> [Dataset records]
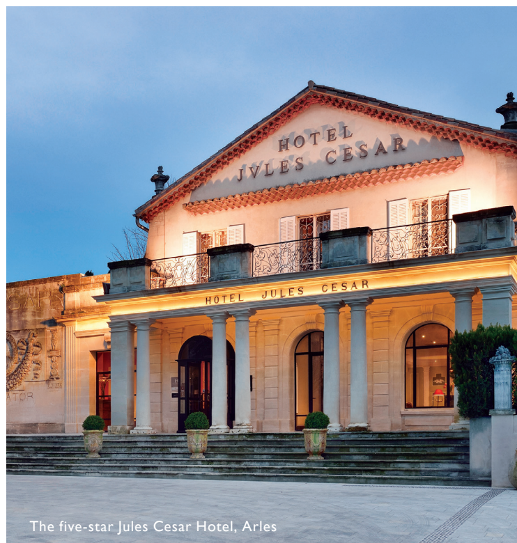
The five-star Jules Cesar Hotel, Arles
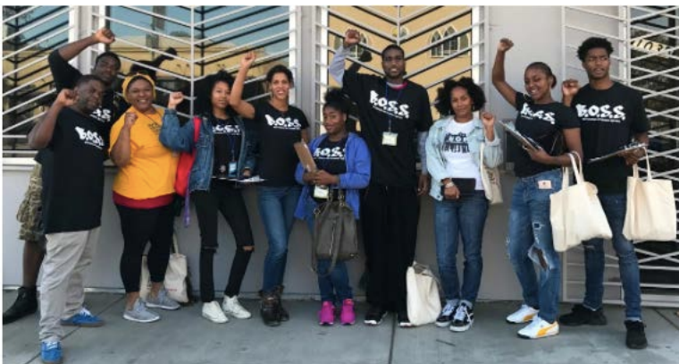
Black Organizing Project.
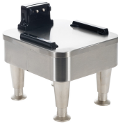
1SH STAND, 120V INF SERIES Product #: 27825.0200
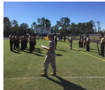
REGIONAL DRILL MEET

Trophies were awarded at the Nease HS Regional Drill Meet on Jan. 14. Fifteen schools participated in the competition for which our council contributed towards the purchase of trophies.
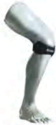
SM0513 - Patella Tendon Strap (neoprene) Size: one size fits all. Material: neoprene + nylon.
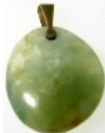
320 Semi-precious stone (jade) pendant with gold mount used to guard against the power of lightning circa 1880 (see image) Sold

> [Task instructions] Beginning at the line with "1SH STAND, 120V", reproduce each line exactly through the last line of the records above, with pictures left out.

> [Result of the task]
1SH STAND, 120V INF SERIES Product #: 27825.0200
REGIONAL DRILL MEET

Trophies were awarded at the Nease HS Regional Drill Meet on Jan. 14. Fifteen schools participated in the competition for which our council contributed towards the purchase of trophies.
SM0513 - Patella Tendon Strap (neoprene) Size: one size fits all. Material: neoprene + nylon.
320 Semi-precious stone (jade) pendant with gold mount used to guard against the power of lightning circa 1880 (see image) Sold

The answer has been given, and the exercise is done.